4. Turn the 4WD selector to Auto.
5. Turn the ignition switch to on. Do not start engine.
6. Is the 4WD warning lamp on? Continue if no.
7. Shift into reverse.
8. Turn the 4WD selector to 2WD, Auto, 2WD.
9. Shift into drive.
10. Turn the 4WD selector to 4H, Auto, 4H.
11. Shift into neutral.
12. Turn the 4WD selector to Auto.
13. Shift into park.
14. The 4WD indicator light will come on for 2.5 seconds, then go out. It will then flash a series of times to represent a one or two digit code, with half-second delays within a number and 1 second delay between numbers. e.g. to represent the code 23, it will flash twice with 0.5 seconds between flashes, wait a second, then flash three times with 0.5 seconds between them. If there's a number, reply and I'll look up the code for you.

If the light just flickers with 0.25 second delays, the memory is the problem and just driving around should fix it.

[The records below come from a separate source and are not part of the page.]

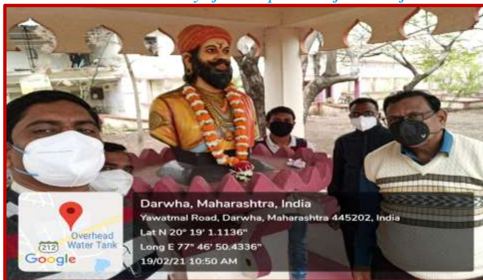
Birth Anniversary of Chatrapati Shivaji Maharaj
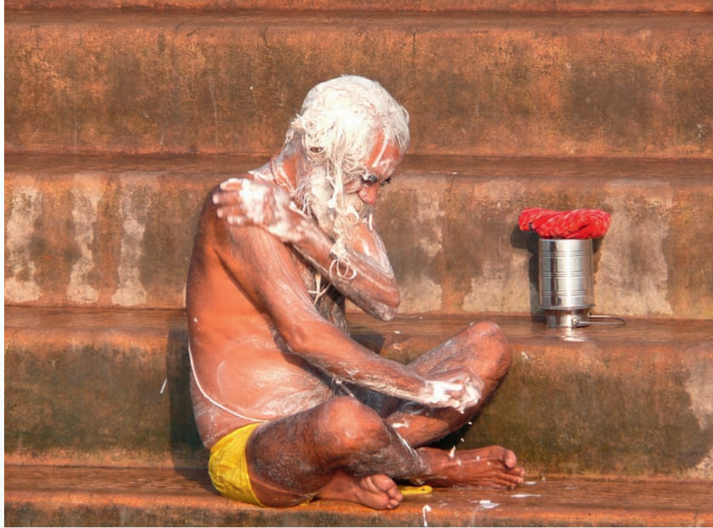
Von links nach rechts: Rituelle Waschung am Ganges; Taj Mahal am Morgen; Dilwara-Tempel der Jain – „ein Traum in Marmor“

Meiner Meinung wird Indien dabei noch völlig unterschätzt. Ich finde es erstaunlich, dass Indiens Vergangenheit noch so lebendig ist. Denn Wirtschaftsreformen haben Indien bis dahin unbekannte Konsumgüter, neue Technologien und eine drastische veränderte Lebensweise beschert. Das Land, in
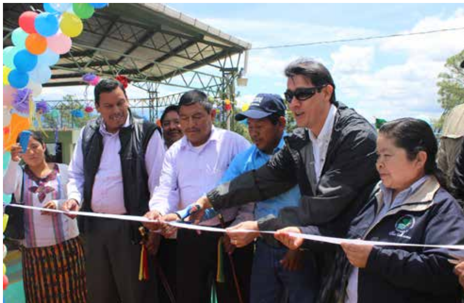
Autoridades municipales y comunitarias, miembros de la Mina Marlin y personeros de INFOM, realizan el corte de inauguración del proyecto de agua.
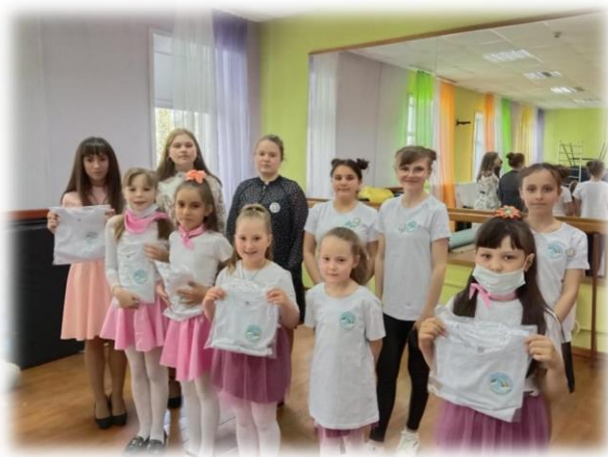
Вокальные ансамбли «Черёмушка» и «Ладушки»
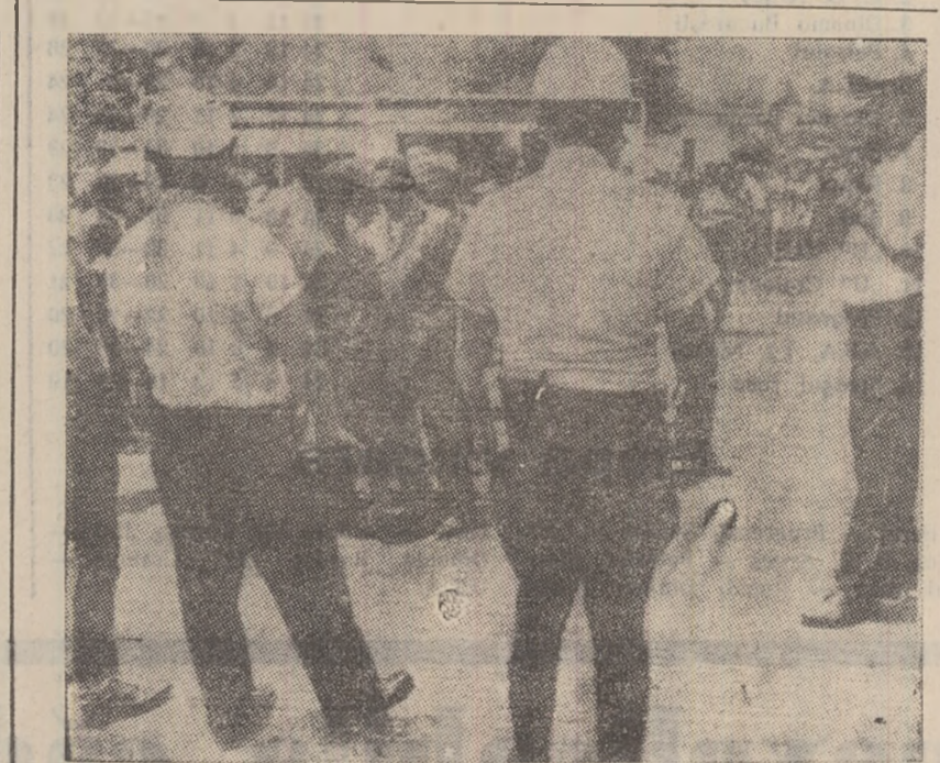
S.U.A.: În drum spre Washington, coloana participanților la „Marșul săracilor” străbat orașul Montgomery.

SAN FRANCISCO. — „Cinci gloanțe în cap și trăiește”. Acesta nu este titlul unui film de sci-fi ci buletinul medical al unui colajean american în vîrstă de 57 de ani originar din Alaska. În timpul unei vizite la San Francisco, el a fost atacat de cîteva persoane și aruncat de pămînt. Nu și-a dat seama de nimic decît în momentul în care „s-a trezit” și a chemat un taxi să-l ducă la hotel. La insistențele directorului hotelului, s-a prezentat la un medic. În urma unui examen radiologic s-a constatat că un glonț este implantat în lobul drept al creierului, alături de baza craniului, un al treilea în palat, iar al cincilea, care a pătruns pe sub ochiul stîng, se află între vena jugulară și artera carotidă.
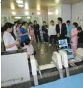
安全使用に向けた職員研修
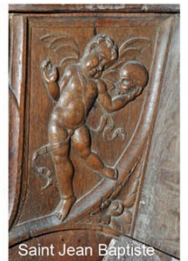
Saint Jean Baptiste
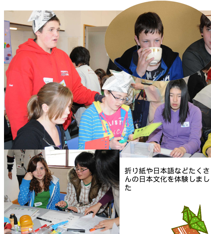
折り紙や日本語などたくさん の日本文化を体験しました

まるとな問市まい続... (transcription of vertical text)
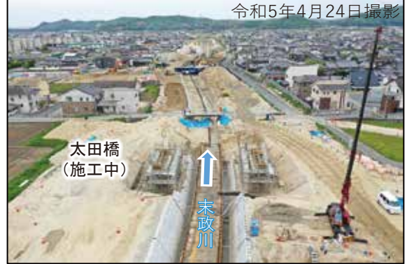
未政川の進捗状況 (太田橋周辺)

If there's no light on, either you did it wrong or the one of the PNP (park/neutral position) or 4WD switch circuit is open.


----------



## threchka (Jun 19, 2008)

flashes a 4 digit sequence, 6, 17, 22, 23. 4wd system lights are on, 4wd warning light not on now.
check engine light on now, is there a way to read without code reader?
thanks for your time, i appreciate it.


----------



## MattyDK23 (Nov 30, 2007)

If the SES light is on now, I'd pull the codes, since it might give an insight into what's happening. That said, if the 4WD light is off now, things may be OK and the SES light might go off after starting the Pathy a few more times.

An OBDII code reader can be had as cheaply as $50 - $100... a good investment for a DIY mechanic, especially since it works on all vehicles '96 and later.

The codes from the service manual are:

Code 6: "[Appears] If unexpected signal is detected because of ABS wheel sensor
malfunction or communications error between the vehicles. Check ABS wheel sensor signal circuit diagnosis."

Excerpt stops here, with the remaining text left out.